O2PLS.coef_filtered_ maps scaled, X-orthogonally-filtered X to scaled predicted Y; it is not a raw-space sklearn coef_ alias. The joint loadings use the O2PLS orthonormal convention, so joint loadings equal joint weights. Requested orthogonal components may be truncated with a ConvergenceWarning when the enlarged preliminary subspace leaves no numerically resolvable block-specific residual variation, especially when the requested component total approaches a block's rank or feature dimension.

Choosing n_orthogonal by cross-validation

Use scikit-learn's GridSearchCV directly — OPLS has no path structure, so a dedicated …CV class buys nothing. scoring=None gives out-of-fold R2, which equals Q2 for OPLS.

from sklearn.model_selection import GridSearchCV
from scikit_opls import OPLS

search = GridSearchCV(
    OPLS(n_components=1), {"n_orthogonal": list(range(10))}, cv=7
).fit(X, y)
search.best_params_["n_orthogonal"]       # selected count
search.cv_results_["mean_test_score"]     # out-of-fold R2/Q2 path
search.best_estimator_.predict(X)         # final model refit on all data

Parsimonious selection

To prefer the fewest orthogonal components whose score is within a tolerance of the best, pass a refit callable:

import numpy as np

def parsimonious_refit(cv_results, tol=0.01):
    scores = np.asarray(cv_results["mean_test_score"], dtype=float)
    counts = np.asarray(cv_results["param_n_orthogonal"], dtype=int)
    within = np.flatnonzero(scores >= np.nanmax(scores) - tol)
    return int(within[np.argmin(counts[within])])

GridSearchCV(
    OPLS(n_components=1), {"n_orthogonal": list(range(10))},
    cv=7, refit=parsimonious_refit,
).fit(X, y)

Classification (OPLS-DA)

from sklearn.model_selection import GridSearchCV
from scikit_opls import OPLSDA

y_lab = np.where(X[:, 0] > 0, "case", "ctrl")
clf = OPLSDA(n_components=1, n_orthogonal=2).fit(X, y_lab)
clf.predict(X)            # class labels
clf.decision_function(X)  # raw signed OPLS regression output

# Probabilities via cross-fitted calibration when each class has enough samples
# for the chosen calibration CV split:
from sklearn.calibration import CalibratedClassifierCV
calibrated_clf = CalibratedClassifierCV(clf, cv=5).fit(X, y_lab)
calibrated_clf.predict_proba(X)

# Cross-validated OPLS-DA selection: an int cv is stratified automatically.
GridSearchCV(
    OPLSDA(), {"n_orthogonal": list(range(10))}, cv=5, scoring="roc_auc"
).fit(X, y_lab)

Inspection, plotting and validation

from scikit_opls.plotting import OPLSScoresDisplay, SPlotDisplay
from scikit_opls.validation import permutation_test

model.vip_                                     # predictive VIP per feature (lazy)
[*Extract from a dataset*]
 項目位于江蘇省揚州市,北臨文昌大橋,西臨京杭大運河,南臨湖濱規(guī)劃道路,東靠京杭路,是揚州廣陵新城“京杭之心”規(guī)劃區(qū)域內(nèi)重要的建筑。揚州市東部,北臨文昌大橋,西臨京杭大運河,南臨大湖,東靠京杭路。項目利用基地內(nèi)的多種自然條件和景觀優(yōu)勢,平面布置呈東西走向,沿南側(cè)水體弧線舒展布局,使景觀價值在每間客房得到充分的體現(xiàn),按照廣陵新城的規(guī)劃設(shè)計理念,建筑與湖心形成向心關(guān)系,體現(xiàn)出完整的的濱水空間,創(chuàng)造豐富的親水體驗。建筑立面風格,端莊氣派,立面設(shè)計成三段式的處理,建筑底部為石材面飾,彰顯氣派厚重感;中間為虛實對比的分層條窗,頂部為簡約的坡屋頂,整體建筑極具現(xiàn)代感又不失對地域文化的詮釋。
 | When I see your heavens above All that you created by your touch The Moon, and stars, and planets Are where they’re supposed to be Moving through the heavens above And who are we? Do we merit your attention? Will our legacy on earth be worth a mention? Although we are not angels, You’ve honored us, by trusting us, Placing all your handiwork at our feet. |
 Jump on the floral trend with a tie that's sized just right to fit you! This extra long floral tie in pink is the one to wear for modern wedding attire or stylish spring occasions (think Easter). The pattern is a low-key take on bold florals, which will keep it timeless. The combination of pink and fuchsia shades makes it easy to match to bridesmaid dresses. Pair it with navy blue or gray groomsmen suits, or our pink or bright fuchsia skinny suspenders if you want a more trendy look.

# Draw score plot (t_pred vs t_ortho). Supports component selection for multi-component PLS
OPLSScoresDisplay.from_estimator(
    model, X, y, predictive_component=0, orthogonal_component=0
)

# Draw S-plot (covariance vs correlation) for a specific predictive component
SPlotDisplay.from_estimator(model, X, component=0)

# Permutation significance testing
permutation_test(OPLS(n_orthogonal=2), X, y)
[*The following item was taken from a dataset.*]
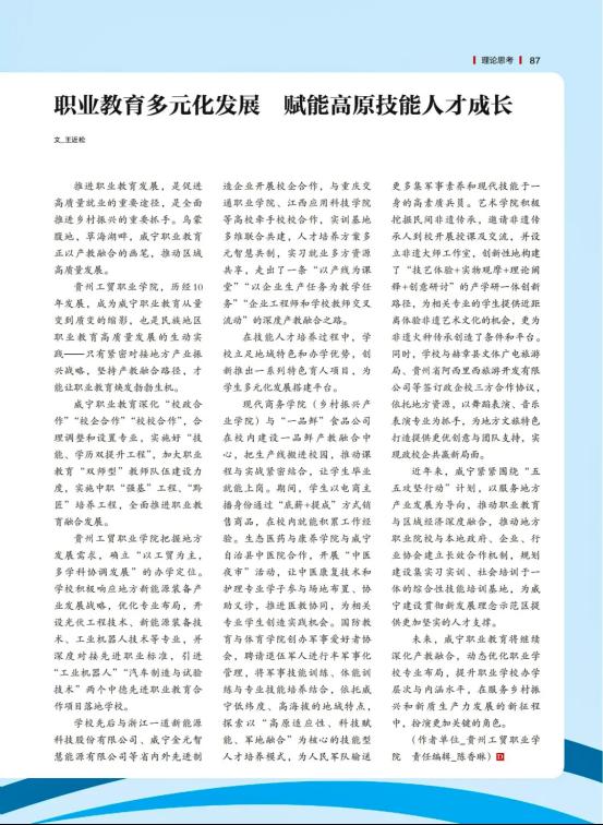 《当代贵州》刊文 | 职业教育多元化发展 赋能高原技能人才成长

Pipeline support in plotting

Diagnostic plotting displays support OPLS, OPLSDA, pipelines ending in one, and fitted search meta-estimators exposing best_estimator_ around either shape. When passing a pipeline, pass raw X as expected by the pipeline. When passing the final OPLS step directly, pass the already transformed matrix. For pipeline S-plots, points are in the transformed feature space received by the final OPLS step.